◆ Problem description:
Apart from the pictures, every line below is to be set down exactly.

◆ Collected data:
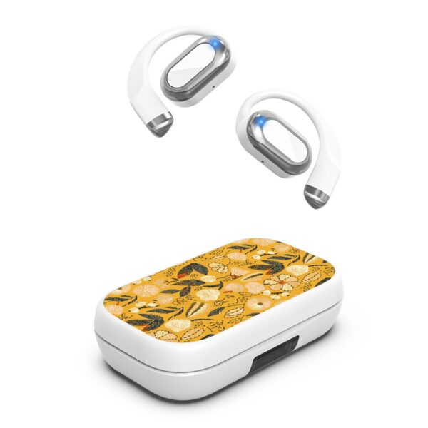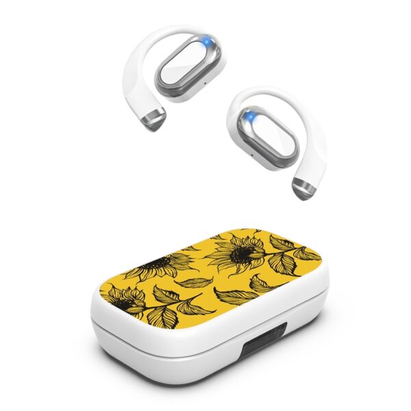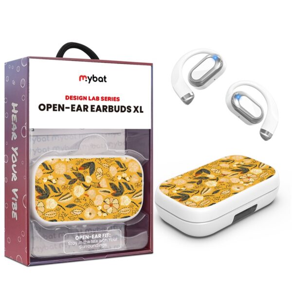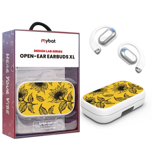 MyBat Design Lab Open-Ear Earbuds XL – White – Golden Sunflowers
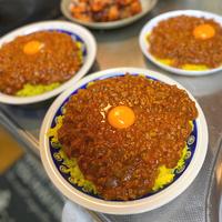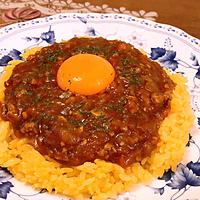 卵黄と一緒に食べるキーマカレーはとても美味しいです‼️
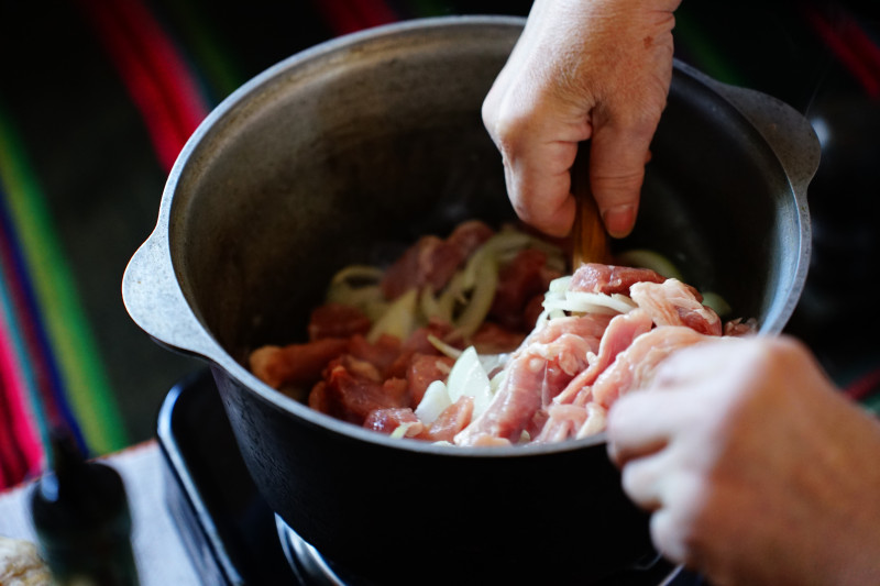 Наталя підготувала нарізану свинину та овочі. Це зажарка для плову, яку господиня спочатку приготує в казані.

◆ Output:
 MyBat Design Lab Open-Ear Earbuds XL – White – Golden Sunflowers
 卵黄と一緒に食べるキーマカレーはとても美味しいです‼️
 Наталя підготувала нарізану свинину та овочі. Це зажарка для плову, яку господиня спочатку приготує в казані.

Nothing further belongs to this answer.